Objective: Extracting more reliable features from intricate biological tissue and augmenting discrimination accuracy of the prostate cancer.
Methods: Supervised contrastive learning is introduced to explore its performance in photoacoustic spectral feature extraction. Three distinct models, namely the CNN-based model, the supervised contrastive (SC) model, and the supervised contrastive loss adjust (SCL-adjust) model, have been compared, along with traditional feature extraction and machine learning-based methods.
Results: The outcomes have indicated that the SCL-adjust model exhibits the optimal performance, its accuracy rate has increased by more than 10% compared with the traditional method. Besides, the features extracted from this model are more resilient, regardless of the presence of uniform or Gaussian noise and model transfer. Compared with CNN model, the transfer performance of the proposed model has improved by approximately 5%.

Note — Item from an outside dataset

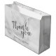 Clássico Elegante White Marble Wedding Favor Gift Bag com título 'Obrigado' na fonte moderna de cinza com nome e data na fonte sans serif moderna em fundo branco mármore.
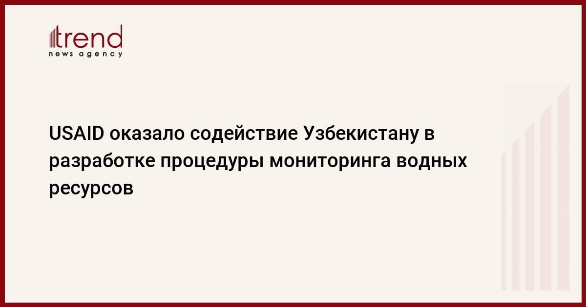 БАКУ /Trend/ - Агентство США по международному развитию (USAID) оказало содействие по разработке процедуры учета, отчетности и мониторинга водных ресурсов в Узбекистане.

Conclusions: Supervised contrast learning is integrated into photoacoustic spectrum analysis and its effectiveness is verified. A comprehensive analysis is conducted on the performance improvement of the proposed SCL-adjust model in photoacoustic prostate cancer diagnosis, its resistance to noise, and its adaptability to the data heterogeneity of different systems.
1 Introduction
According to the 2023 cancer statistics, PCa alone accounts for 29% of all incident cases, signifying that it has the highest number of diagnoses and incurs the largest number of deaths among men (1). In spite of the existence of numerous diagnostic modalities such as tissue biopsy, digital rectal examination (DRE), prostate-specific antigen (PSA) detection, transrectal ultrasound imaging (TRUS), and magnetic resonance imaging (MRI), the rates of false positives and false negatives remain relatively high (Table 1) (2–4). To meet the escalating demand for diagnostic techniques that are more accurate and less invasive, recent years have witnessed remarkable progress in novel detecting methods.

Table 1. Overview of various diagnostic modalities for PCa (4).

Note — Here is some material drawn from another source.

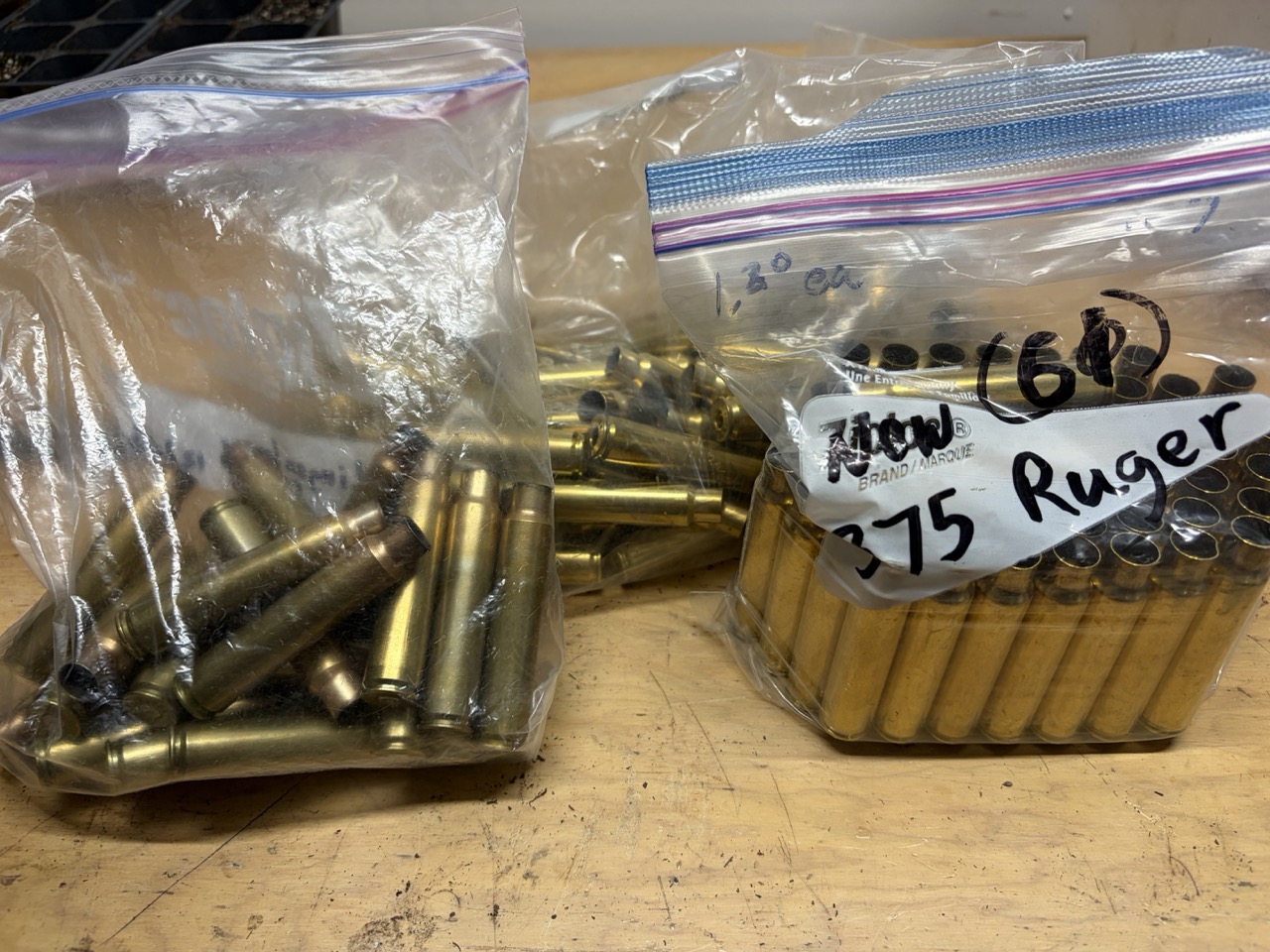 $120: 140 pieces of Hornady 375 Ruger Brass. (61 are new/never fired, the rest have been once fired).

Photoacoustics combines the capacity of light absorption spectroscopy to distinctly identify biomolecules with the proficiency of ultrasound detection to withstand scattering by biological tissues. Its applications within the realm of biomedicine have been comprehensively investigated and substantiated (5, 6), as well as in the context of prostate cancer (7–9). Nevertheless, the majority of current experiments are founded on imaging intensity, which hinges on the absorption of tissues at particular optical wavelengths, thereby constricting the volume of acquired information (10–13). Additionally, imaging intensity is highly susceptible to individual variances, rendering the attainment of a more accurate quantitative assessment arduous.

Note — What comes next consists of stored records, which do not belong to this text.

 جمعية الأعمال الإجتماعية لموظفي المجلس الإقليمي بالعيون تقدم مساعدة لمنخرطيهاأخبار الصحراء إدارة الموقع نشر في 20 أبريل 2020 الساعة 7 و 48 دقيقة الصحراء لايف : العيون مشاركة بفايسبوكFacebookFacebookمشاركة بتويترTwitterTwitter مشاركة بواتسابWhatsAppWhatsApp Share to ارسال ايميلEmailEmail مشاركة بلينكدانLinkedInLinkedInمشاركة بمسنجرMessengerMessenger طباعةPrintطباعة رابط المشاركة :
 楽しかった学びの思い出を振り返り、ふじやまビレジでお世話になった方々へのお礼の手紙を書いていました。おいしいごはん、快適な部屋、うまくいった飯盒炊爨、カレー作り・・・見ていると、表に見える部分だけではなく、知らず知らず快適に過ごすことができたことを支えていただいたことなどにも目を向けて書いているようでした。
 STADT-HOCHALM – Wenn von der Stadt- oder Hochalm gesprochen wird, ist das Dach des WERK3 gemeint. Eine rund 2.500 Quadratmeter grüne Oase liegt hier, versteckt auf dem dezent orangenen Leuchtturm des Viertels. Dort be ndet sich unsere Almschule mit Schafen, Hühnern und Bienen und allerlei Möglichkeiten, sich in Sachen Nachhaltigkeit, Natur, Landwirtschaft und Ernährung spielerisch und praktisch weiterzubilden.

Studies have demonstrated that multi-wavelength photoacoustic spectroscopy facilitates the enhanced detection of alterations in tissue chemical constituents and the progression of heterogeneity (14–17). Our prior research also established that multi-wavelength photoacoustic spectroscopy is efficacious in identifying the prostate, whether in punctured tissue strips or intact ex vivo tissues (18, 19). However, the high dimensionality of multi-wavelength photoacoustic spectroscopy poses a challenge in feature extraction. Fortunately, the swift advancement of deep learning has opened up novel prospects for this method. Although the majority of artificial intelligence (AI)-assisted endeavors primarily concentrate on the optimization of photoacoustic imaging (11, 20), in recent years, it has been progressively applied to photoacoustic spectrum analysis, especially for feature extraction and classification as summarized in Table 2 (14, 18, 21–27). It is evident that machine learning, inclusive of deep learning, is still in a rather nascent stage in photoacoustic spectrum analysis. The majority of work still depends on hand-crafted features and traditional machine learning. One of the principal factors could be the paucity of data sets, which restricts the utilization of more intricate and advanced deep learning models.

Table 2. Machine learning used for various biomedical applications in photoacoustic spectrum analysis.
Consequently, we selected a classical deep learning model to validate its effectiveness in photoacoustic spectrum analysis and prostate cancer diagnosis. In addition, contrastive learning was incorporated to mitigate the impact of inter- and intra-patient variability.
Contrastive learning approaches have exhibited remarkable potential in extracting robust features, particularly in the unsupervised domain (28–31). The central tenet of contrastive learning is to augment the robustness of extracted samples by constructing positive and negative sample pairs. This methodology strives to reduce the intra-class distance among positive pairs and expand the inter-class distance between negative pairs. Nevertheless, the performance of unsupervised contrastive learning models remains inferior to that of supervised learning. Therefore, our focus turns to supervised contrastive learning methods. This approach capitalizes on label information from known samples (training samples) to preclude the generation of incorrect sample pairs that might otherwise affect training results, thereby fortifying the robustness of the extracted features (32, 33).
Finally, the data from diverse systems was also examined to evaluate the model’s generalization performance. These three aspects, namely deep learning for feature extraction, patient variation, and system influence, are all crucial for prostate cancer diagnosis. Based on our research, no prior study has jointly analyzed these three aspects within the context of photoacoustic spectrum analysis. Beyond the introduction, this study is structured into four parts: the Methods section, where the dataset is introduced and an analysis of the employed algorithms and specific models, such as photoacoustic spectral analysis and data preprocessing, is provided; the Experimental section, which presents detailed experimental outcomes; the Discussion section, in which the details of the methods and their limitations are deliberated; and the Conclusion section, which offers a summary of the paper.
2 Materials and methods
2.1 Data collection and ethical approval
This study was carried out in cooperation with Tongji Hospital. The Institutional Review Committee of Tongji Hospital gave its approval for the project experiments. Volunteers were recruited after signing an informed consent form and underwent screening to ensure that they had not received any previous treatment and were suitable candidates for surgical resection. A flowchart of the experiment is presented in Figure 1.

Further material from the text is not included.